_TASK DIRECTIONS_
Using the records below, copy exactly the part that opens with the line holding "It is extended" and closes with the line holding "cal. month |", minus the pictures.
START MATERIAL SHOWN
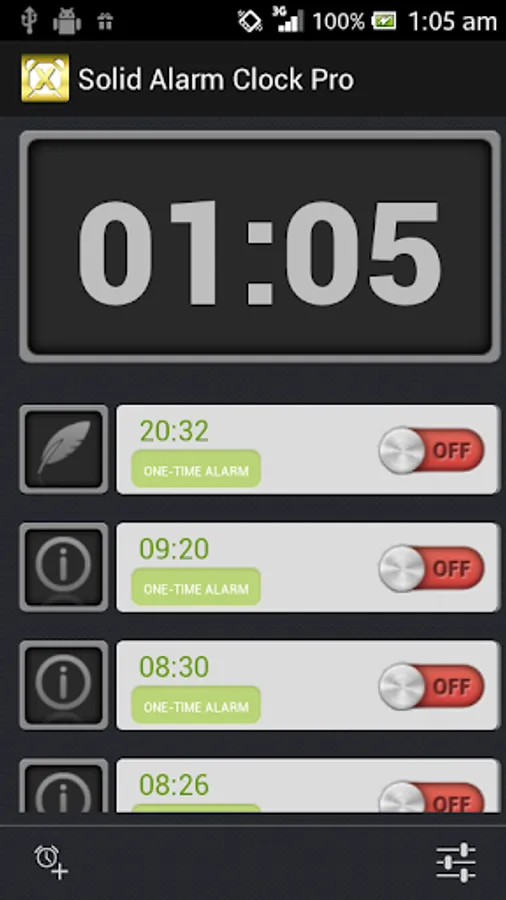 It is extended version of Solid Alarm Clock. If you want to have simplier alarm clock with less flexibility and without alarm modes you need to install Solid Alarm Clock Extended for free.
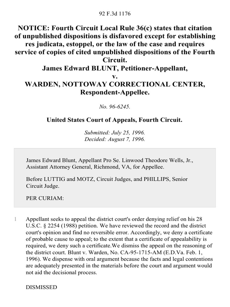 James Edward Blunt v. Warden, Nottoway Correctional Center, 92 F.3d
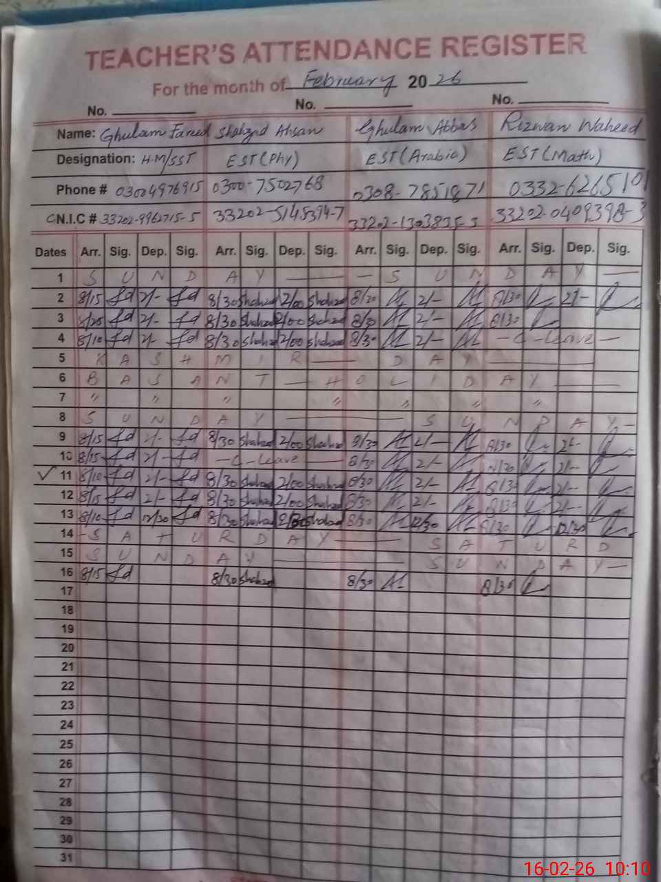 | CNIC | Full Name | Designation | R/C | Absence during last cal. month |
END MATERIAL SHOWN
START MATERIAL SHOWN
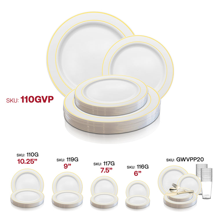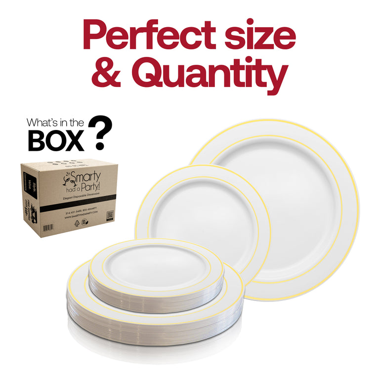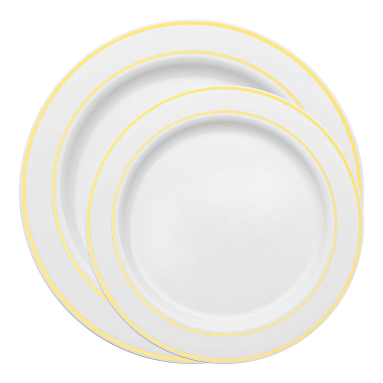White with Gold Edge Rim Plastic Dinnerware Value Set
END MATERIAL SHOWN
_EXERCISE RESPONSE_
 It is extended version of Solid Alarm Clock. If you want to have simplier alarm clock with less flexibility and without alarm modes you need to install Solid Alarm Clock Extended for free.
 James Edward Blunt v. Warden, Nottoway Correctional Center, 92 F.3d
 | CNIC | Full Name | Designation | R/C | Absence during last cal. month |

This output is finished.